**EXERCISE DESCRIPTION:**
Print, word for word, only the lines from the one with "2.「MVC5 ビューページ(Razor)」を選択し「追加」ボタンを押します。" down to the last line of the listing below; no pictures.

**PROVIDED MATERIAL:**
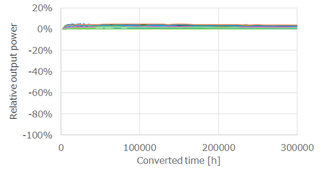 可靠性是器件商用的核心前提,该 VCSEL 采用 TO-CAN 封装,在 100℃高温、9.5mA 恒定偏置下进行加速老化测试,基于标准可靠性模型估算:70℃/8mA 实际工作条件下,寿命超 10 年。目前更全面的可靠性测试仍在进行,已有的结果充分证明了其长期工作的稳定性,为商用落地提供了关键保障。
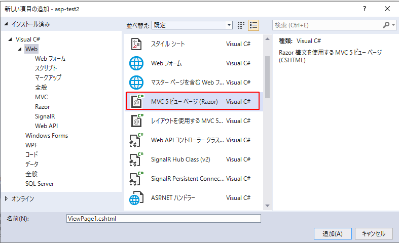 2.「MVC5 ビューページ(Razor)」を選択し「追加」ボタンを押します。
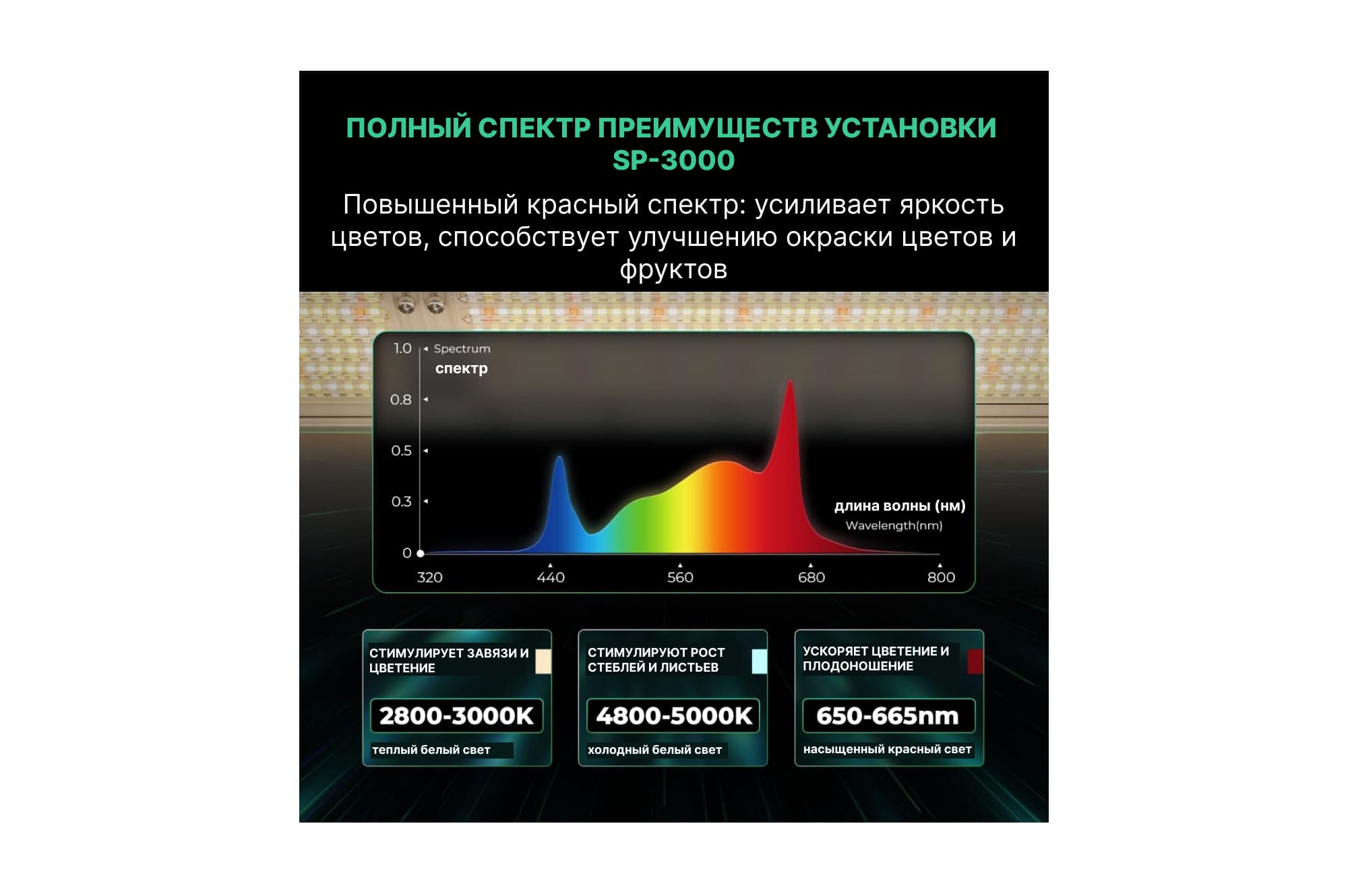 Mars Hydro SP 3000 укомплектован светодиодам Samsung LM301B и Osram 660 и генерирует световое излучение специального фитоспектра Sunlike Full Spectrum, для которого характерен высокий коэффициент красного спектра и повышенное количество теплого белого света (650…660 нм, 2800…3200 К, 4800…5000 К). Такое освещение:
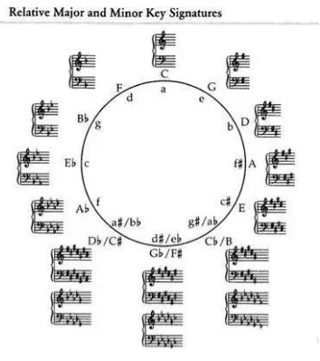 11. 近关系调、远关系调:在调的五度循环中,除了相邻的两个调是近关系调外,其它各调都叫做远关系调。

**SOLUTION TO THIS PROBLEM:**
 2.「MVC5 ビューページ(Razor)」を選択し「追加」ボタンを押します。
 Mars Hydro SP 3000 укомплектован светодиодам Samsung LM301B и Osram 660 и генерирует световое излучение специального фитоспектра Sunlike Full Spectrum, для которого характерен высокий коэффициент красного спектра и повышенное количество теплого белого света (650…660 нм, 2800…3200 К, 4800…5000 К). Такое освещение:
 11. 近关系调、远关系调:在调的五度循环中,除了相邻的两个调是近关系调外,其它各调都叫做远关系调。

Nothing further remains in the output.